Three days to go before the Spring Equinox.
This Saturday we find ourselves in that blissful world of renewal, regeneration and the rebirth of a new season, a period of fertility, abundance, fresh beginnings and the first chapters of the Spring Equinox. At the moment the heavens are shining brightly, the skies as blue and upliftingly transparent for months to come and, if you close your eyes for long enough, it feels like the opening production of a spectacular West End musical destined to run for ages. It'll keep running and running and you'd like to think that today's early Spring warmth will continue to decorate our personal landscape with a broad canvas of hot sunshine.
And so across most of Britain and the rest of the world, the dedicated and conscientious farmers of society will be traipsing around their immaculate and orderly garden, before inspecting their groaning sheds complete with secateurs, spades, lawnmowers and several bags of manure and compost. Right at the back of your shed there may well be decaying newspapers, coffee stained mugs, old, rusty chairs and perhaps a transistor radio you may have forgotten all about.
If you fancy your chances you may well be tempted to put all of your horticultural knowledge into practice because that grass is in urgent need of tender loving care. Those seeds have been planted in the ground carefully, lovingly and solicitously with maybe a spot of attention and cultivation of your land. You'll dig away at muddy grounds, clear away all of the twisted twigs and then set about the daunting task of injecting a new lease of life into those admittedly forlorn looking branches.
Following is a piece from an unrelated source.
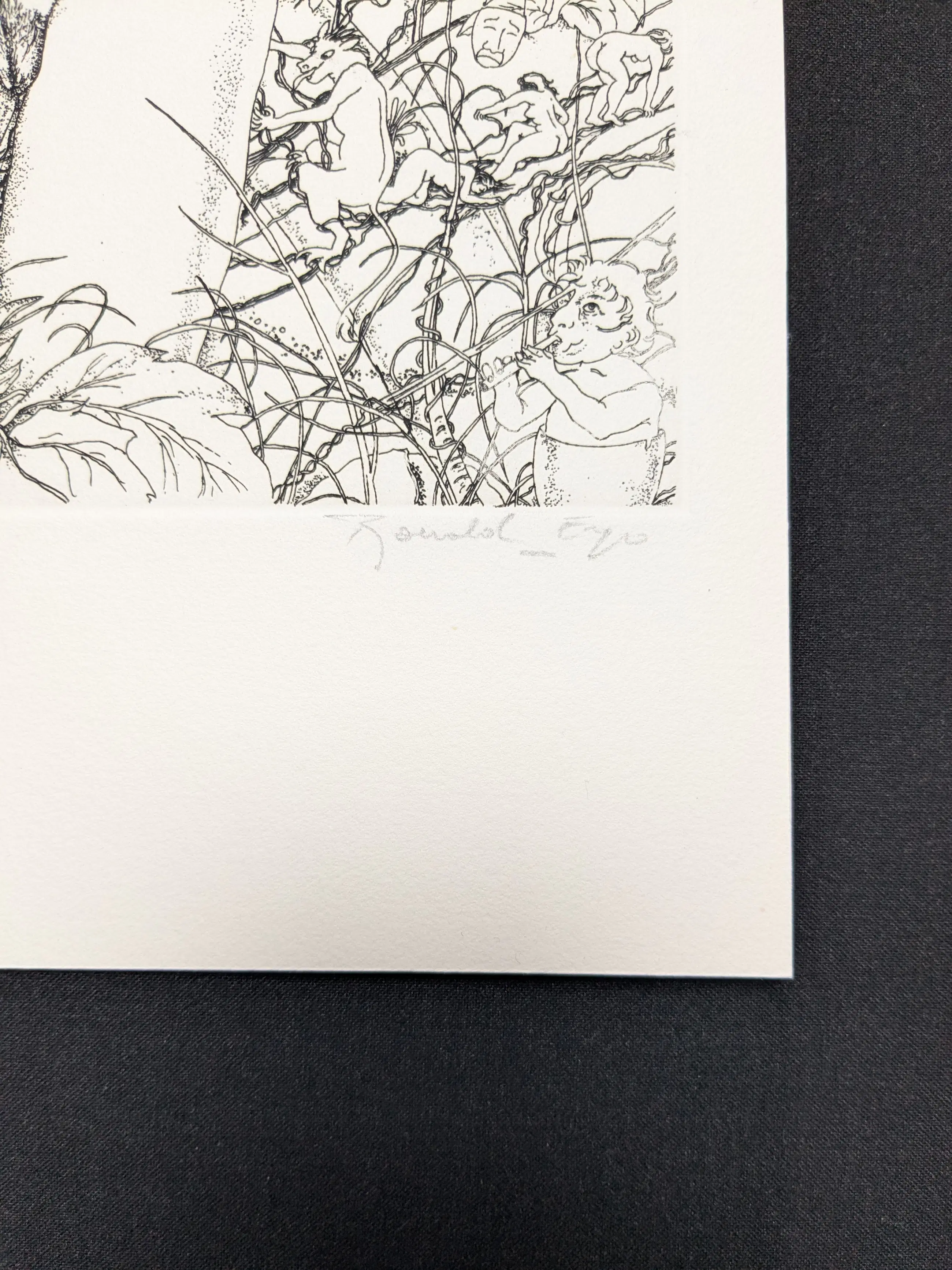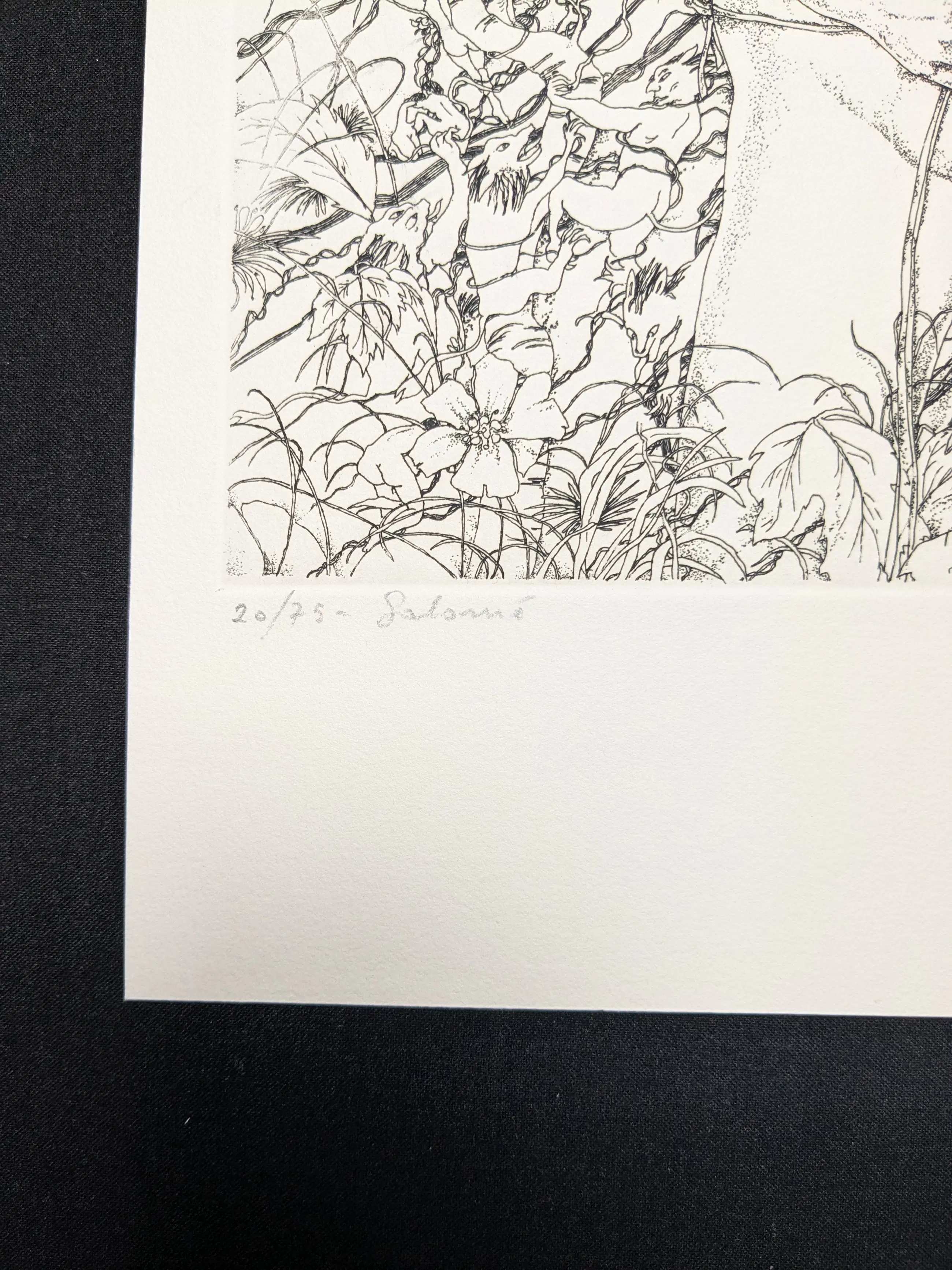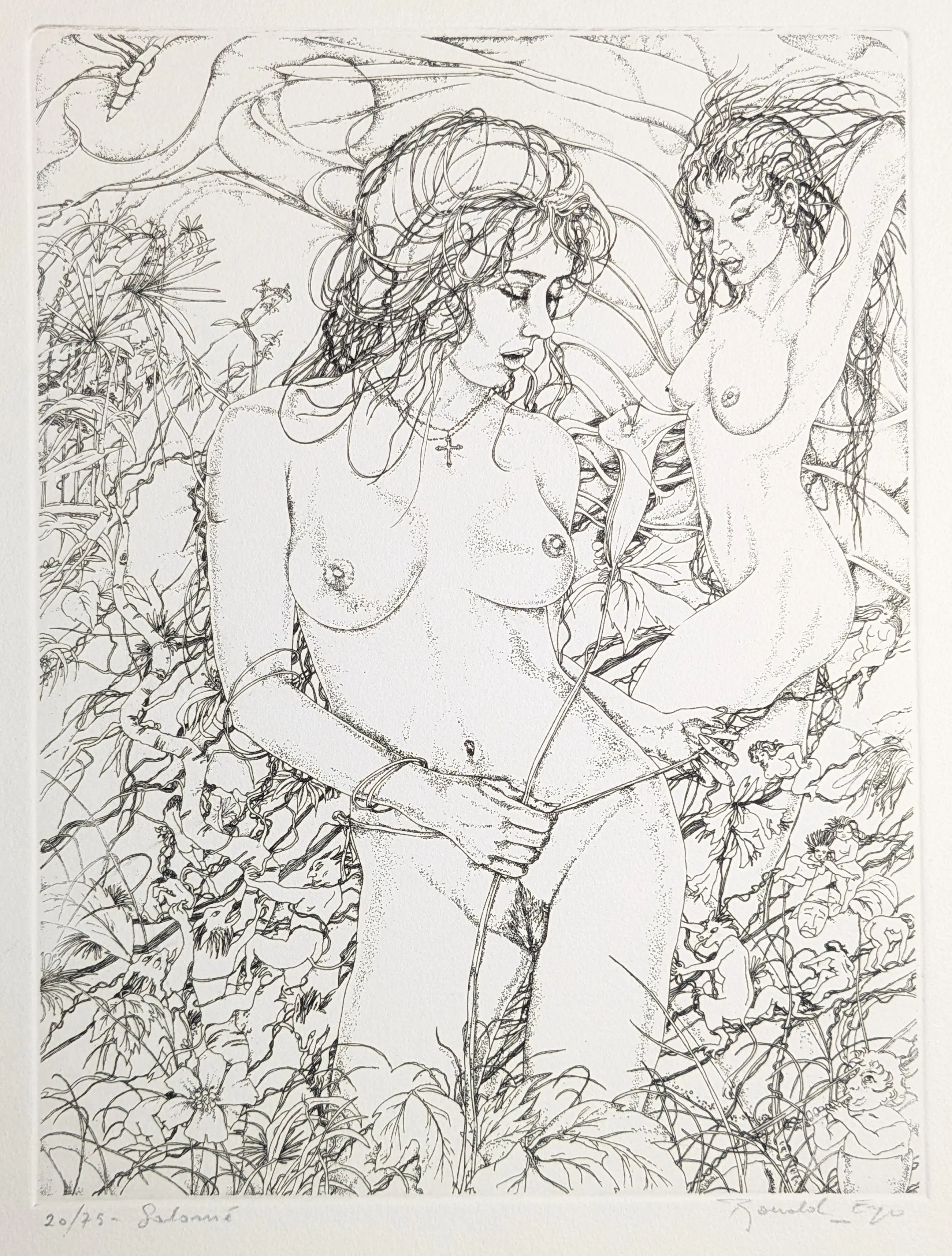 Een prachtige ets uit 1985 door Ronald Ergo in zijn typische magisch realistische en wat erotische stijl. De ets is gesigneerd, getiteld Salomé en genummerd 20/75 in potlood.

At the moment the tulips and daffodils are about to be liberated and sent out into the world, achieving all of its heartfelt ambitions since winter may well have decided to forget all about it. Here in sunny North London, cherry and white blossom are set to come out to play. You can probably see them, cheerfully expressing their happiness and just delighted to be here. It is their time to present to the world a good old fashioned air of renaissance, feeling good about ourselves before bursting with optimism. You can't wait to just get out there for summer.
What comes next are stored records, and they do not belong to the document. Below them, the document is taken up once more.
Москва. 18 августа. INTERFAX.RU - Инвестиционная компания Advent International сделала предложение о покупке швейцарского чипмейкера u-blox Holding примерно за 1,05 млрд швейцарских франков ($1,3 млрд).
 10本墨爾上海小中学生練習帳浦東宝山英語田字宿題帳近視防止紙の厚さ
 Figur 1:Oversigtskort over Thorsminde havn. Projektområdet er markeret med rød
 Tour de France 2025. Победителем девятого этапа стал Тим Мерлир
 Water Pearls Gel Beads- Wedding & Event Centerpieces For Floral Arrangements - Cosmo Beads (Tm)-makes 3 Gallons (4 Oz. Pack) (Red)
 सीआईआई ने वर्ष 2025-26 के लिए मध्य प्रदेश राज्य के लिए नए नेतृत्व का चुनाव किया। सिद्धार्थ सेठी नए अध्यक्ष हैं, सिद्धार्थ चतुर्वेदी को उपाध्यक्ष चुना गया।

And then there are your allotment sites, at the moment neglected during the winter but still ready for inspection and ready to yield the first crop of carrots, strawberries, tomatoes, potatoes, lettuces and cabbages. Britain is rightly proud of its green fingered expertise. We love to be out in the open, breathing in the invigorating air with immense satisfaction and enormously privileged to be associated with the first saplings of the Spring earth. Then you can see the first signs, those tentative buds and petals of red and yellow roses, swaying one way and then dancing in the breeze against a background of gentle, whistling, whispering winds.
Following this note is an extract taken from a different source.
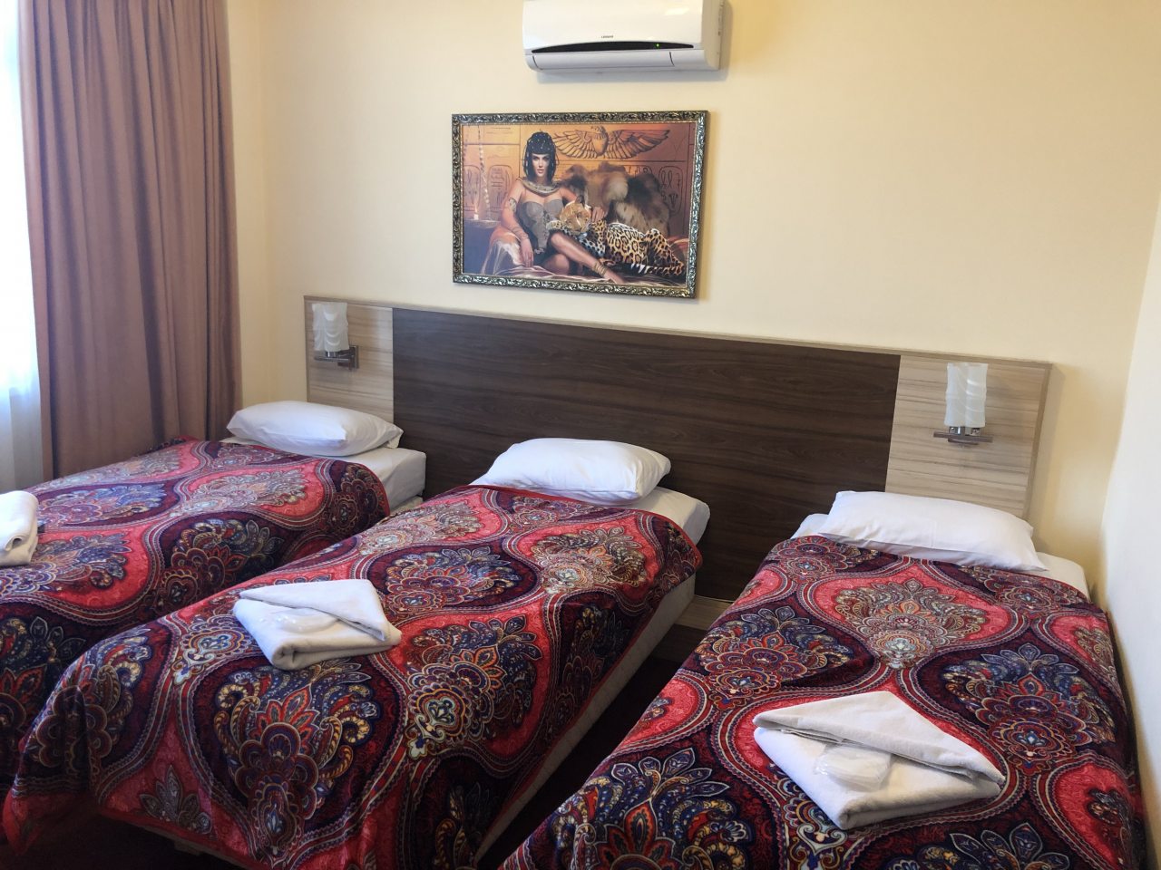 К размещению гостей представлены комфортные номера, оформленные в красных, черных и светлых тонах. Все они оборудованы кондиционером, мини-баром, холодильником, телевизором и телефоном. В собственной ванной комнате обязательно есть душевая кабина, комплект полотенец, фен, тапочки, халат и средства личной гигиены.
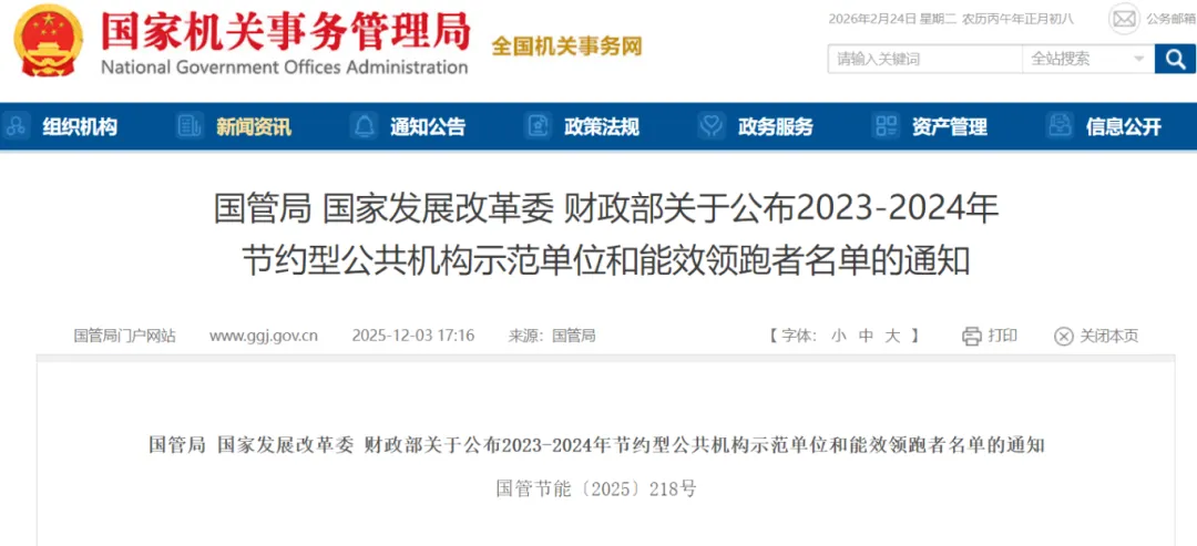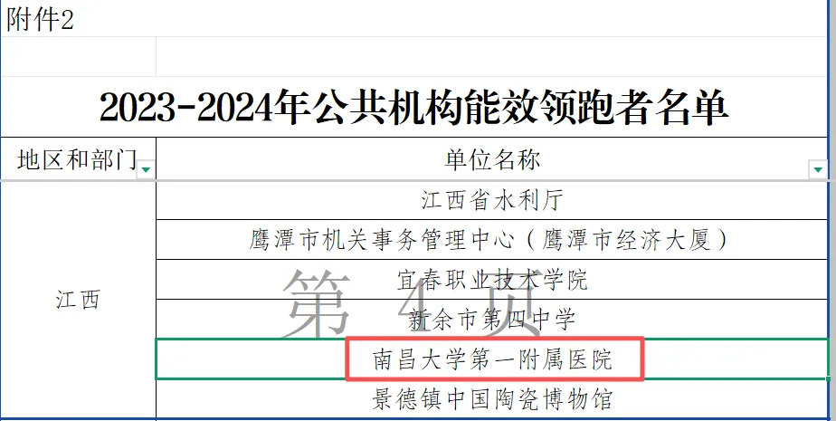近日,国管局、国家发展改革委、财政部联合公布《2023-2024 年节约型公共机构示范单位和能效领跑者名单》。南昌大学第一附属医院(以下简称一附院)凭借卓越的节能成效与规范化的能源管理,成功入选国家级公共机构能效领跑者,成为江西省医疗卫生领域绿色发展的杰出典范。我司于2024年底通过公开竞选,中标一附院两院区能源审计及能源管理体系建设咨询服务项目。

On Saturday though it'll all reach its fruition. It'll be the first day of Spring although next week the clocks will go forward and the days will get longer and longer, brighter and brighter. The agricultural heartlands will be ready for action, tractors and combine harvesters preparing to spend all day, all evening and perhaps most of the night making sure that everything is as it always should be.
Of course there will be bumper crops and the yellow sunflowers. You'll suddenly see row upon row of nature's finest harvest just waiting to be picked gleefully and yielding something quite extraordinary. And then you'll be reminded of those cultural events that have dominated the thoughts of humanity for as long as any of us can remember. In Britain, we'll be rubbing our hands with glee because we know what's coming next.
In a couple of weeks time, the jockeys, horses and trainers will be patting the backs of their noble animals and hoping that come Grand National day at Aintree will represent the height of their careers. Ever since the 18th century, the Grand National has entertained millions of people with that familiar spectacle of horse and man in perfect harmony. Scattered across Aintree will be those monumental, if terrifying fences such as Beechers Brook and the Chair. Every year the Grand National welcomes its visitors with its yearly diet of excitement and anticipation. And then the gruelling stampede begins.
The critics have always disapproved of the Grand National because they believe quite sincerely, that's it cruel and that some horses lose their lives and that it should be banned immediately on those grounds alone And yet during the 1970s Red Rum won the National with an almost regal grace and style and nobody complained then.
There is of course the Boat Race, that celebrated testament to stamina and endurance. Every year the post and under graduates of Oxford and Cambridge university will stare across the rippling waters of the River Thames, before spotting the delightful bridges of Tower, Hammersmith and Putney. The ladies and gentlemen of the rowing world will take their seats in their boats, slapping each others backs inspirationally and then going for it.
They plough through placid waters, oars chopping through the waves as if their lives depend on it. And then one of those highly academic universities, suitably enlightened about the world, will be driving hard towards the end of the Boat Race, powering their way forward to the finishing line. And then we'll let out gasps of astonishment because this is what England has always done best and always will do so. It's England at its reliable, England at its most indulgent and England observing its most traditional etiquette, always polite, never flustered but just getting it right. It's a couple of days before Spring and how we love the changing seasons and life.